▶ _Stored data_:
▽
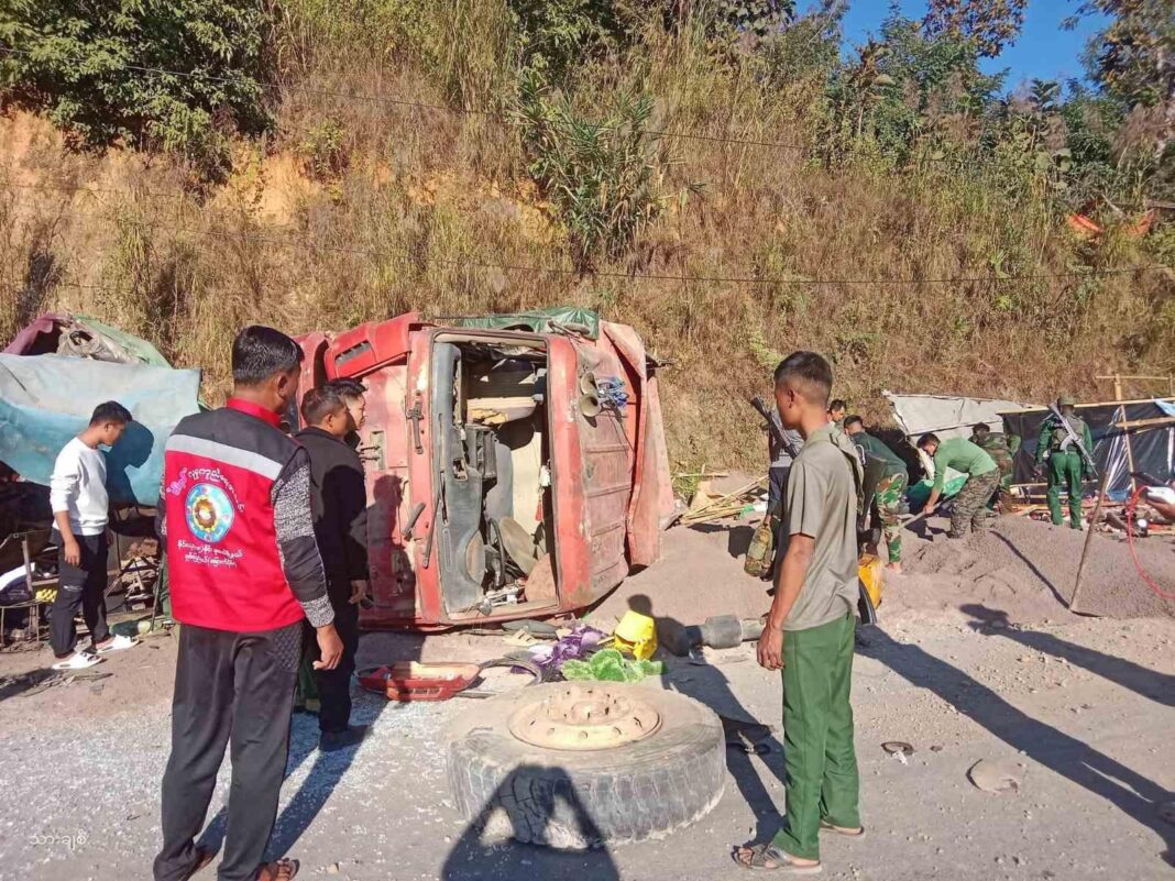 ယမန်နေ့ ( ဒီဇင်ဘာလ ၁၄ ရက်) ညနေ ၃ နာရီဝန်းကျင် မူဆယ် – ၁၀၅ မိုင်လမ်းပိုင်းရှိ ပြည်ထောင်စု လမ်းမကြီးပေါ်တွင် ဗြုန်းကျောက်သယ်ဆောင်သည့် ၆ ဘီးကား တစ်စီး ဘရိတ်ပေါက်ပြီး လမ်းသွားနေသော လူများကို တိုက်မိရာ နှစ် ဦးသေဆုံးပြီး ရှစ် ဦးထိခိုက်ဒဏ်ရာရရှိခဲ့ကြောင်း မူဆယ်မြို့နယ် ဒေသခံအမျိုးသား တစ်ဦးက သျှမ်းသံတော်ဆင့် ကိုပြောသည်။
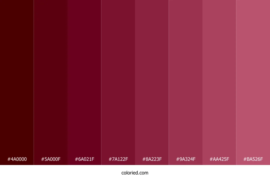 ![]() | #4A0000 | 74, 0, 0 | 0, 100%, 15% | 0%, 100%, 100%, 71% | oklch(0.257 0.105 29) |
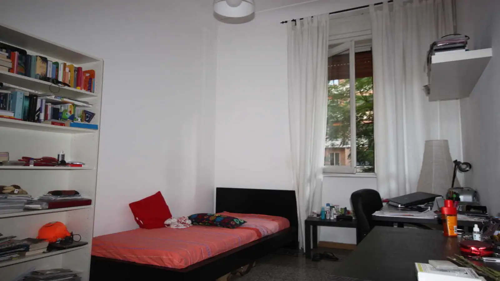 Chambre individuelle dans un appartement partagé, composé de 4 chambres et 2 salles de bain. D'environ 17 m² avec un lit simple et un poste de travail. Avec wifi, services de conciergerie, lave-vaisselle, lave-linge. Classe énergétique : F, IPE 159,57 Kwh/m² an.
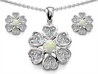 The beautiful Original Star K(tm) Created Opal Flower Pendant Box Set With Matching Earrings, crafted in 925 Sterling Silver. This beautiful design is mounted with 3 stones prong set white iridescent Round Created Opal clean clarity, 18 stones prong set colorless Round Cubic Zirconia. This style measures 13.50 mm wide, 21.00 mm long. Opal is October Birthstone: From the Greek 'opallios', meaning 'colour change'. A symbol of hope and faithfulness, it inspires true love and brings confidence. Free 18 inches chain included Designer: Star K - This beautiful design, is part of the exclusive Star K. jewelry collection. Star K. designs are copyrighted, so please be aware of cheap imitations selling online. Only original Star K. creations are made using the highest quality materials and craftsmanship, backed by an exclusive Lifetime Warranty. Warranty: - This item is covered by Finejewelers exclusive Silver Shield Lifetime Warranty. This exclusive lifetime coverage is offered ONLY by Finejewelers so please shop with confidence, our quality is guaranteed for life!
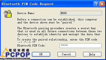 之后,我们要在电脑提示的“Bluetooth PIN Code Request”内快速地输入刚才在手机上输入的识别码,再按下“确定”键。
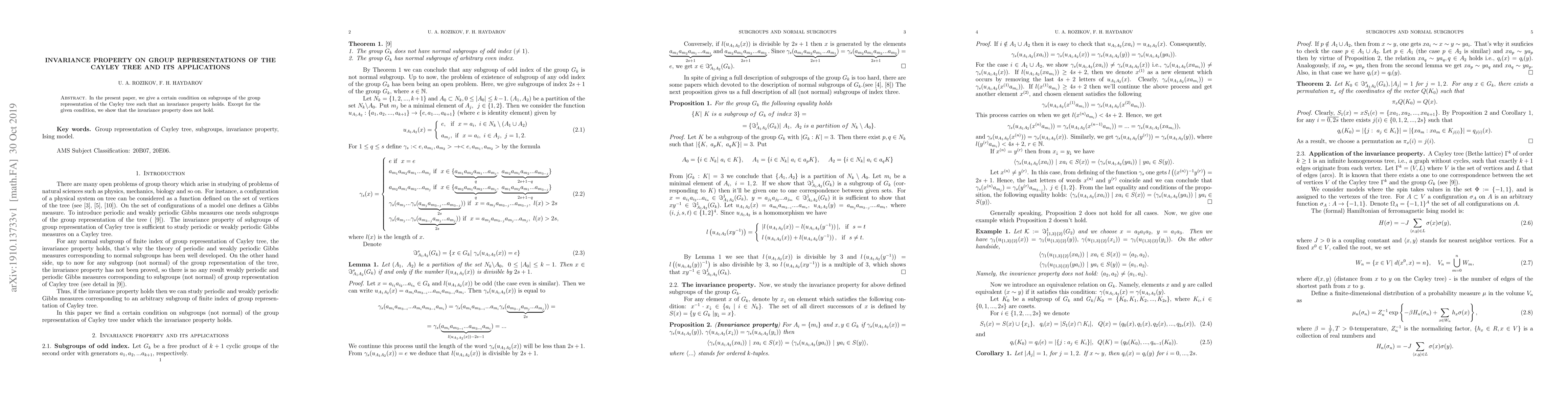 In the present paper, we give a certain condition on subgroups of the group representation of the Cayley tree such that an invariance property holds. Except for the given condition, we show that the invariance property does not hold.
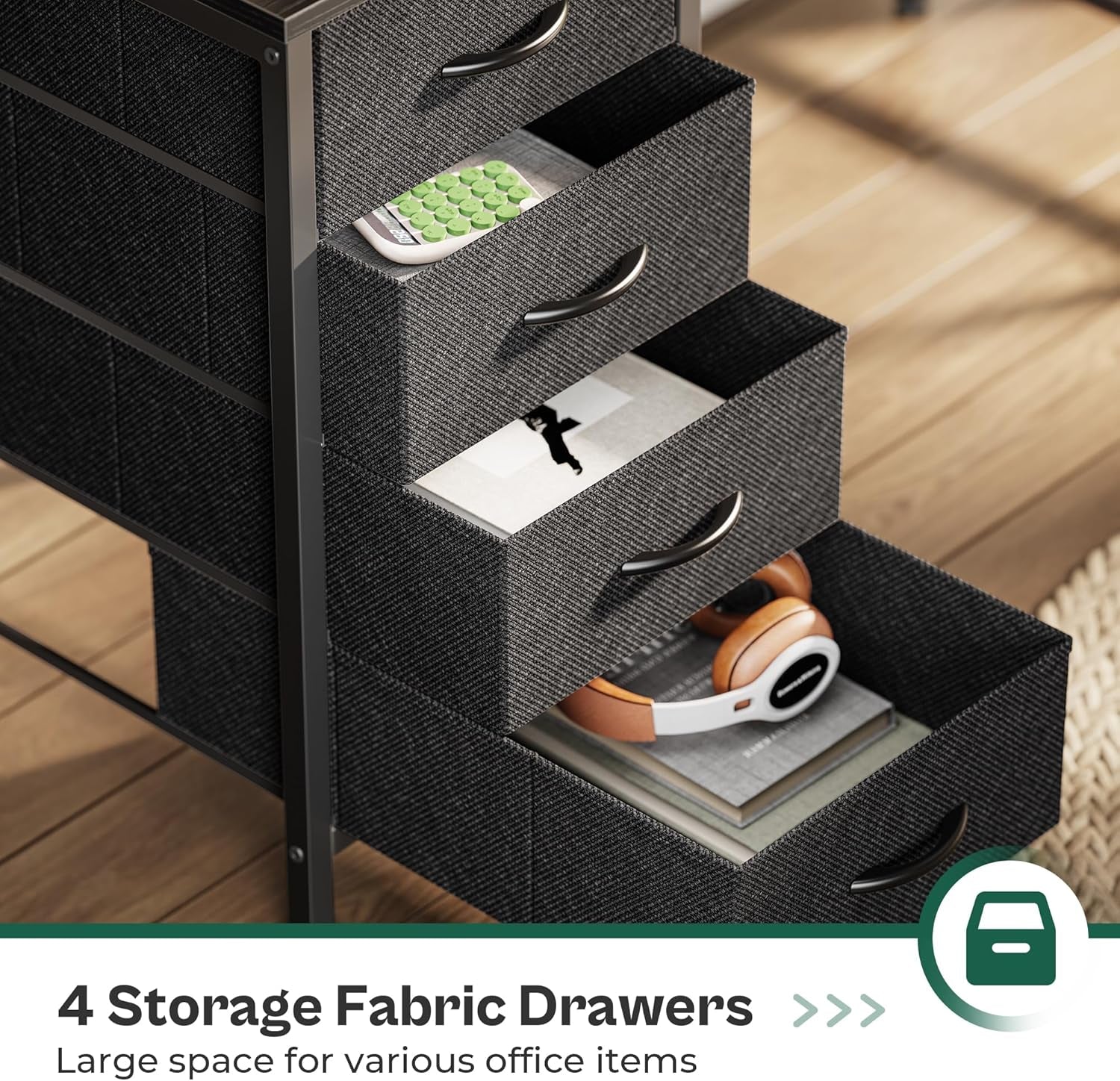 - Functional Drawers: Customize your workspace with four spacious fabric drawers that can be positioned on either side of the desk. Organize books, office supplies, or gaming accessories and maintain a clutter-free environment.
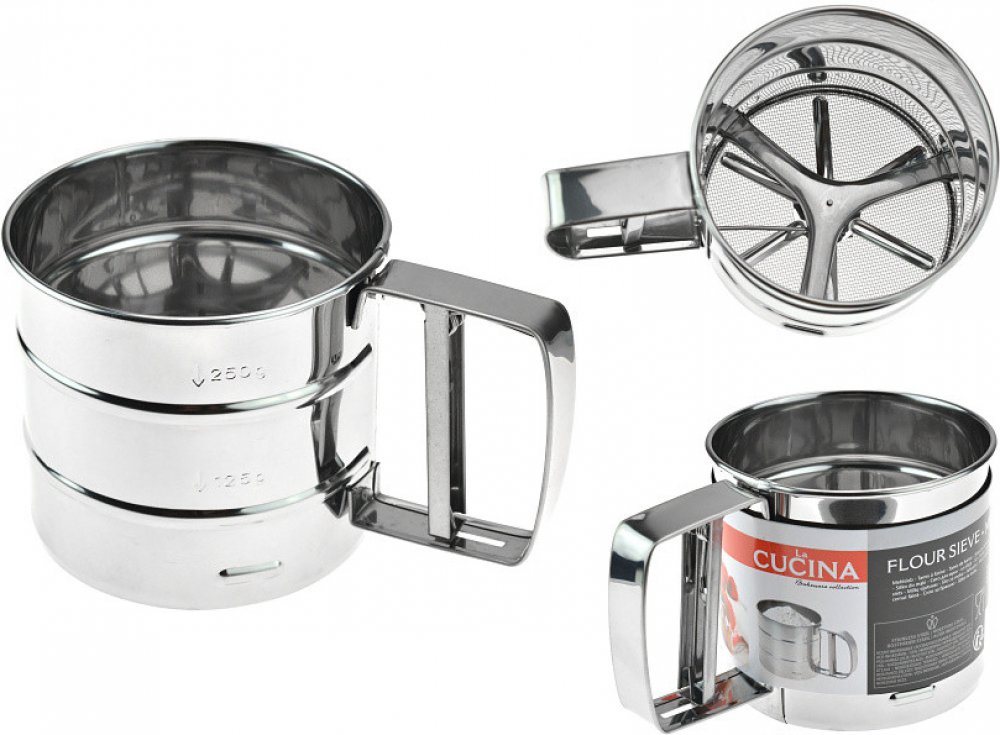 Každá správná hospodyňka moc dobře ví, že při pečení slaďoučkých a nadýchaných dezertů je potřeba pořádně prosít mouku, aby byl výsledek jedním slovem dokonalý. Mějte proto po ruce nerezové sítko a buďte připraveni!. Materiál: nerezová ocel - rozměry: průměr 10 cm, výška 9 cm - objem: 2 šálky
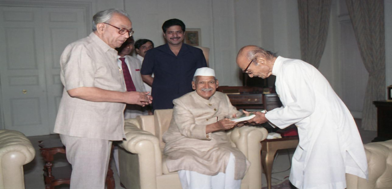 The President of India, Dr. Shankar Dayal Sharma receiving a copy of the book from Shri Raju at Rashtrapati Bhavan in New Delhi on September 22, 1994.
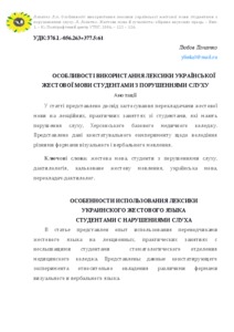 | Keywords: | sign language, students with hearing impairment, Dactylology, Ukrainian language, interpreter |
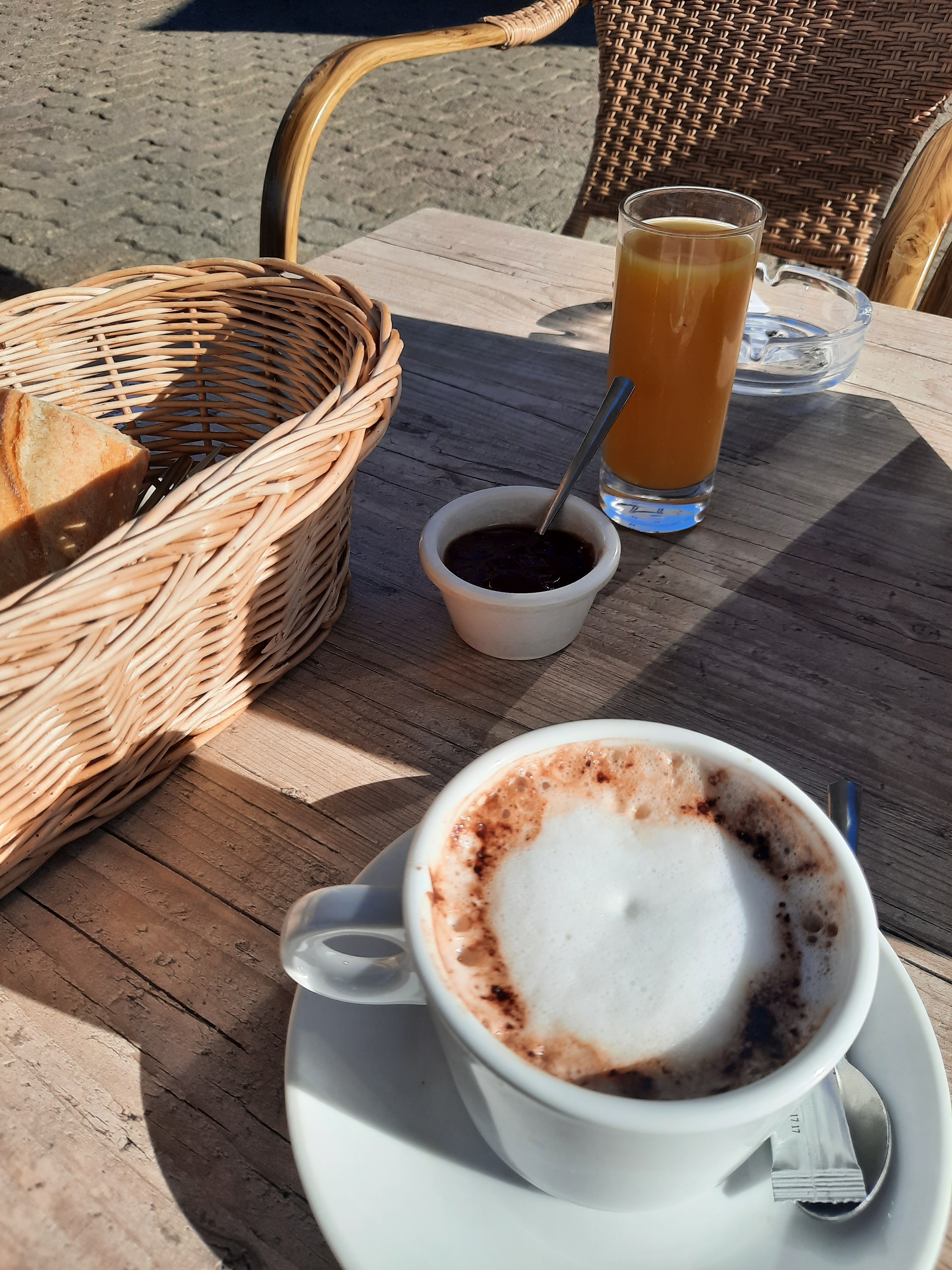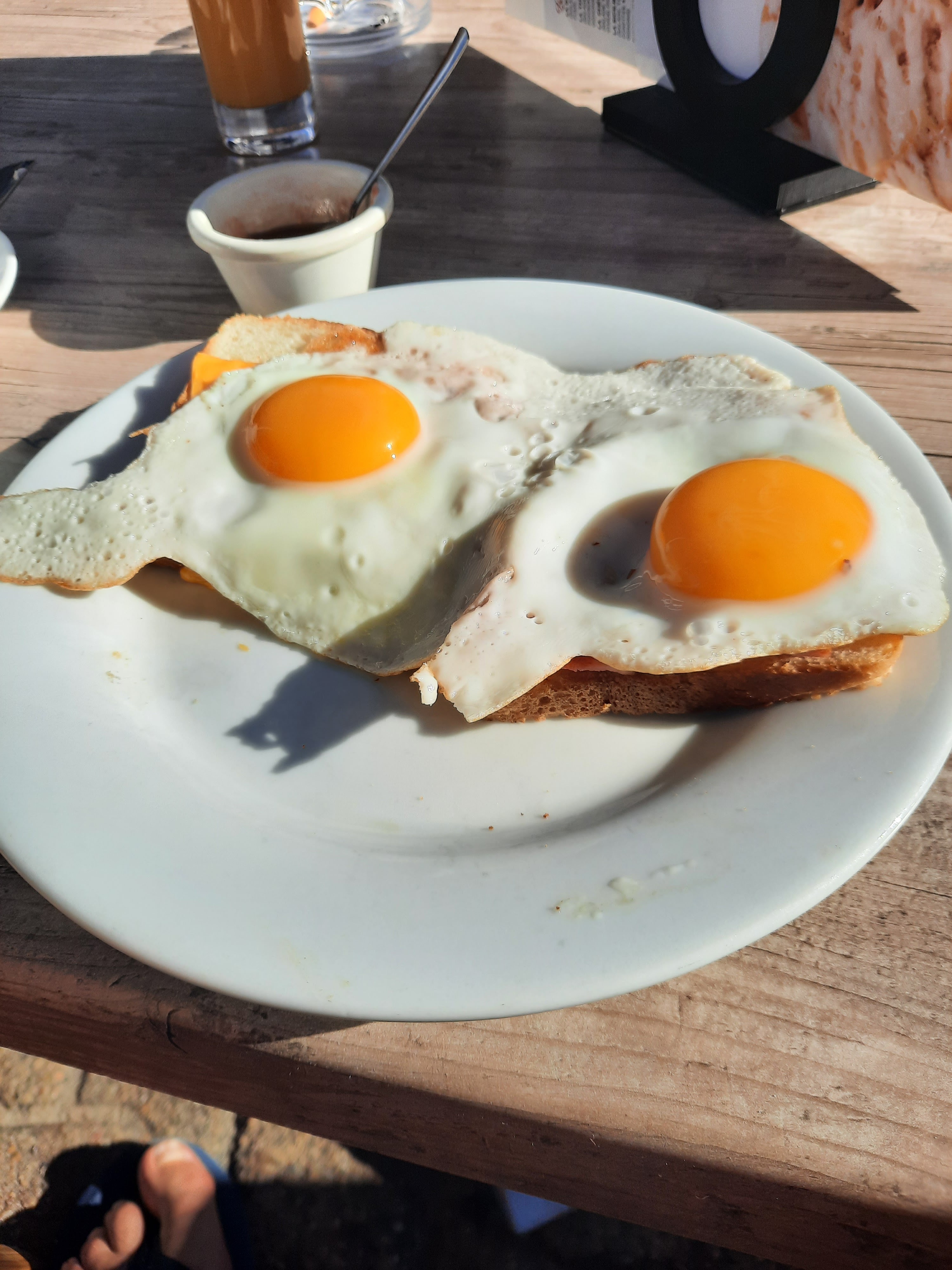 Petit déjeuner à 7.5e pour 2 oeufs toastés, jus d'orange chocolat chaud pain beurre et confiture, difficile de faire mieux ! Service très rapide, on reviendra
△
▶ _TASK REQUIREMENTS_:
Transcribe every record above exactly as written, leaving out any pictures.

▶ _COMPLETED EXERCISE_:
 ယမန်နေ့ ( ဒီဇင်ဘာလ ၁၄ ရက်) ညနေ ၃ နာရီဝန်းကျင် မူဆယ် – ၁၀၅ မိုင်လမ်းပိုင်းရှိ ပြည်ထောင်စု လမ်းမကြီးပေါ်တွင် ဗြုန်းကျောက်သယ်ဆောင်သည့် ၆ ဘီးကား တစ်စီး ဘရိတ်ပေါက်ပြီး လမ်းသွားနေသော လူများကို တိုက်မိရာ နှစ် ဦးသေဆုံးပြီး ရှစ် ဦးထိခိုက်ဒဏ်ရာရရှိခဲ့ကြောင်း မူဆယ်မြို့နယ် ဒေသခံအမျိုးသား တစ်ဦးက သျှမ်းသံတော်ဆင့် ကိုပြောသည်။
 ![]() | #4A0000 | 74, 0, 0 | 0, 100%, 15% | 0%, 100%, 100%, 71% | oklch(0.257 0.105 29) |
 Chambre individuelle dans un appartement partagé, composé de 4 chambres et 2 salles de bain. D'environ 17 m² avec un lit simple et un poste de travail. Avec wifi, services de conciergerie, lave-vaisselle, lave-linge. Classe énergétique : F, IPE 159,57 Kwh/m² an.
 The beautiful Original Star K(tm) Created Opal Flower Pendant Box Set With Matching Earrings, crafted in 925 Sterling Silver. This beautiful design is mounted with 3 stones prong set white iridescent Round Created Opal clean clarity, 18 stones prong set colorless Round Cubic Zirconia. This style measures 13.50 mm wide, 21.00 mm long. Opal is October Birthstone: From the Greek 'opallios', meaning 'colour change'. A symbol of hope and faithfulness, it inspires true love and brings confidence. Free 18 inches chain included Designer: Star K - This beautiful design, is part of the exclusive Star K. jewelry collection. Star K. designs are copyrighted, so please be aware of cheap imitations selling online. Only original Star K. creations are made using the highest quality materials and craftsmanship, backed by an exclusive Lifetime Warranty. Warranty: - This item is covered by Finejewelers exclusive Silver Shield Lifetime Warranty. This exclusive lifetime coverage is offered ONLY by Finejewelers so please shop with confidence, our quality is guaranteed for life!
 之后,我们要在电脑提示的“Bluetooth PIN Code Request”内快速地输入刚才在手机上输入的识别码,再按下“确定”键。
 In the present paper, we give a certain condition on subgroups of the group representation of the Cayley tree such that an invariance property holds. Except for the given condition, we show that the invariance property does not hold.
 - Functional Drawers: Customize your workspace with four spacious fabric drawers that can be positioned on either side of the desk. Organize books, office supplies, or gaming accessories and maintain a clutter-free environment.
 Každá správná hospodyňka moc dobře ví, že při pečení slaďoučkých a nadýchaných dezertů je potřeba pořádně prosít mouku, aby byl výsledek jedním slovem dokonalý. Mějte proto po ruce nerezové sítko a buďte připraveni!. Materiál: nerezová ocel - rozměry: průměr 10 cm, výška 9 cm - objem: 2 šálky
 The President of India, Dr. Shankar Dayal Sharma receiving a copy of the book from Shri Raju at Rashtrapati Bhavan in New Delhi on September 22, 1994.
 | Keywords: | sign language, students with hearing impairment, Dactylology, Ukrainian language, interpreter |
 Petit déjeuner à 7.5e pour 2 oeufs toastés, jus d'orange chocolat chaud pain beurre et confiture, difficile de faire mieux ! Service très rapide, on reviendra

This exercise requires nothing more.